I scowled, and turned to shove the doors this time. As I walked down the steps, I could hear him laughing to himself.

"Ya' know, it's really a shame you won't admit it around people. Because in reality, I should be the one embarrassed by you."

I stopped on the front steps, and whirled around to face him. "Embarrassed by me? How so?"

He looked around awkwardly, judging by his lack of response I could tell he wasn't expecting my reaction. But being that he had a lot of nerve, he answered me instead of letting me walk away. "Well, you're not the exact peak at the top of the school, if you know what I mean."

"Oh, and those girls you've used are? Thanks, but I'd rather be the stones at the bottom than be one of those." With that said, I turned back around and headed to my car, already bringing out my keys so that I could speed off and leave him here.

He followed me though, so my great escape wasn't so great in the end. "Answer me though. Were you lying about liking me too?"

I gave him a cold look. "You called me a toy – if you honestly expect me to say I like you, then you're far from it."

Frustration crossed his features, signaling that he was in no better mood than I was. "Does it take everyone this hard to get a yes or no answer out of you?"

"Maybe you shouldn't be asking me a 'yes or no' question if you have a problem," I snapped.

"I'm only asking because you lie about half the things you say."

"Of all people, you should be one of the last ones to complain about that. The last time I checked, that was your job, was it not?" My comeback had him freeze again, so I took the chance to get to my car.

In a snap, Jesse shifted in front of me – stopping me in my tracks before I could run into him. "You know what? At least I have a chance to say I've been with someone."

I scoffed. "And you take pride in saying that? Saying that you've used girls and threw them out? You're sick."

A swore came from him, while he raised his hands to his head and moved out of my way. Only for a mere second, I debated on slapping sense into him – but let it go and continued to my car.

"Why won't you just answer me?" I heard him behind me again, hearing the frustration in his voice made me turn to glance at him. "Do you like me or not?"

His eyes met mine. Instead of answering with a question or standing there not answering at all, I shot him a cold look and continued walking on.

Why do you have to be a pushover and park so far?

"You're seriously not going to answer?"

I made my voice pixie-like, and smiled innocently. "Well, I don't want to lie."

Once I was in front of my car, I noticed he was quiet. Turning to him after I threw my stuff inside, I noticed he was staring at me – and not in the friendliest manner to add at that.

"Lie then," he said. I wasn't even sure it was him who said it though, because the wind seemed to carry off the strength of his voice. "Lie if it's so damn easy."

I gave him a look over, unsure. Somehow, in the most devious way, I liked where this conversation had resulted.

Watching the way the wind blew into his hair, and the way some strands fell into his face was nerve-racking, since his expression made it seem as if that was far from what he was worried about. I quickly tried to make up mind on what to say – but then thought better of it.
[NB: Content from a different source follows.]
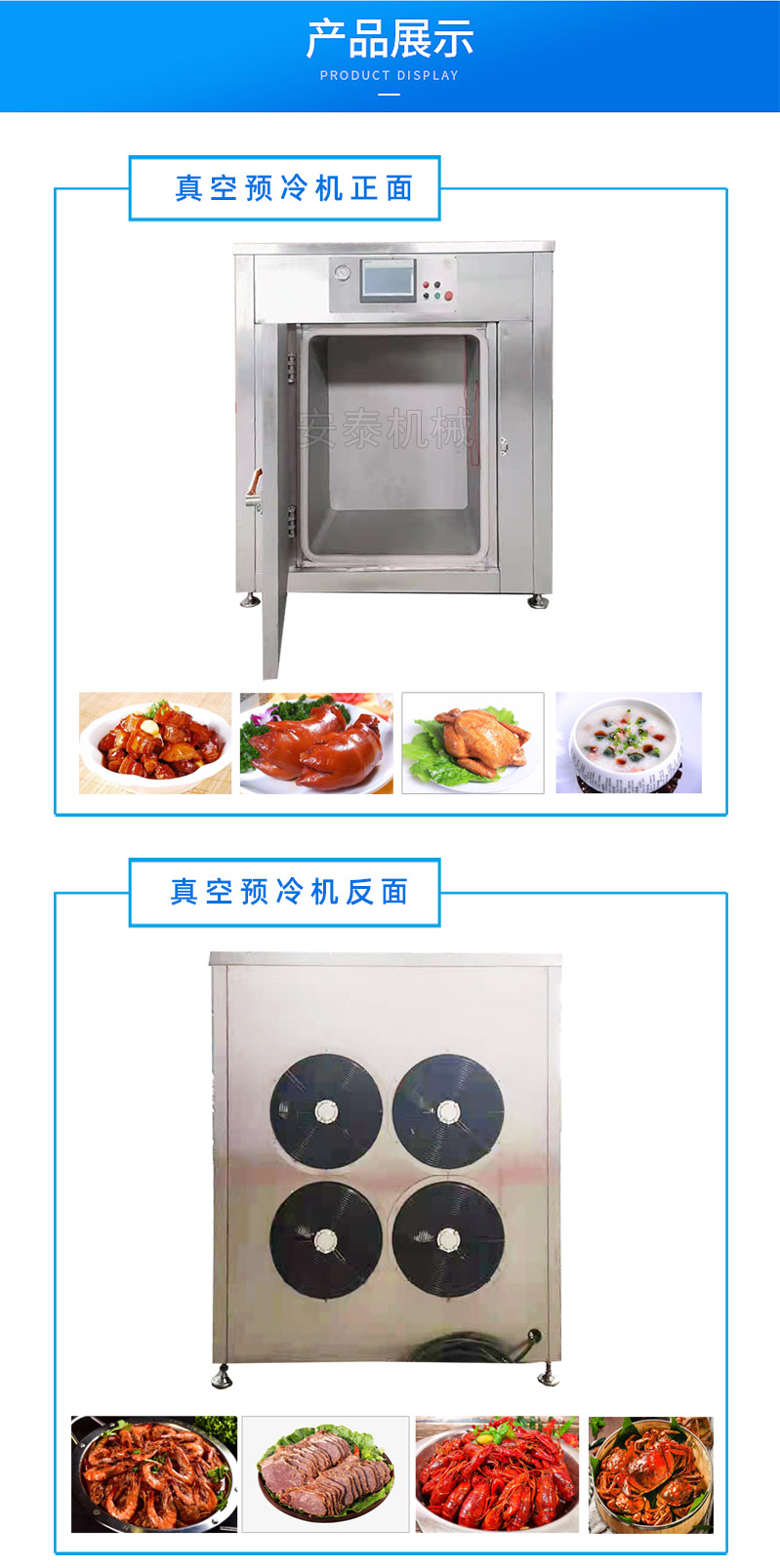 真空快速冷卻機只需8-15分鐘;真空密閉狀態下;迅速將高溫食物均勻降至保鮮溫度,跳過高溫細菌衍生期,保持產品色澤艷麗,延長保鮮期。 真空預冷機主要適用產品肉類、米飯、烘焙食品、加工中央廚房、水產海鮮、果蔬 、鮮花、 配送中心,應用于熱處理熟食品的快速降溫,冷卻過程節能、環保解決傳統冷庫降溫過程中存在的細菌超標、時間長、能耗高等問題,高產能并味美色佳,延長食物貨架保質期;

I always did stuff I wasn't supposed to do, and then thought about the consequences later.

But in this case, I didn't know what consequence I would have – especially with Jesse.

I shut the door, trying not to think so much.

"You want me to lie?" I asked, not looking away from him.

His expression didn't change, so I took it as a yes. I found my way around the car until I stood in front of him. This time, he was the one to shiver when I raised my mouth to his ear.

Before saying anything, I gazed around at the people watching – mentally hating how they didn't just go home.

Be honest. This kind of stuff doesn't even happen on TV anymore.

"I," I started. In my peripheral vision, I saw his eyes had closed as soon as my breath blew on his skin. I let my lips graze the outline of his jaw before I rose back to his ear.

Say it. Just take the risk, Carson.

A smile found its way on my lips.

"I hate you." I felt the air still as soon as I said it.

The lie had been fatal.

But I walked away freely, for the first time in a long time, Jesse was the one rendered speechless.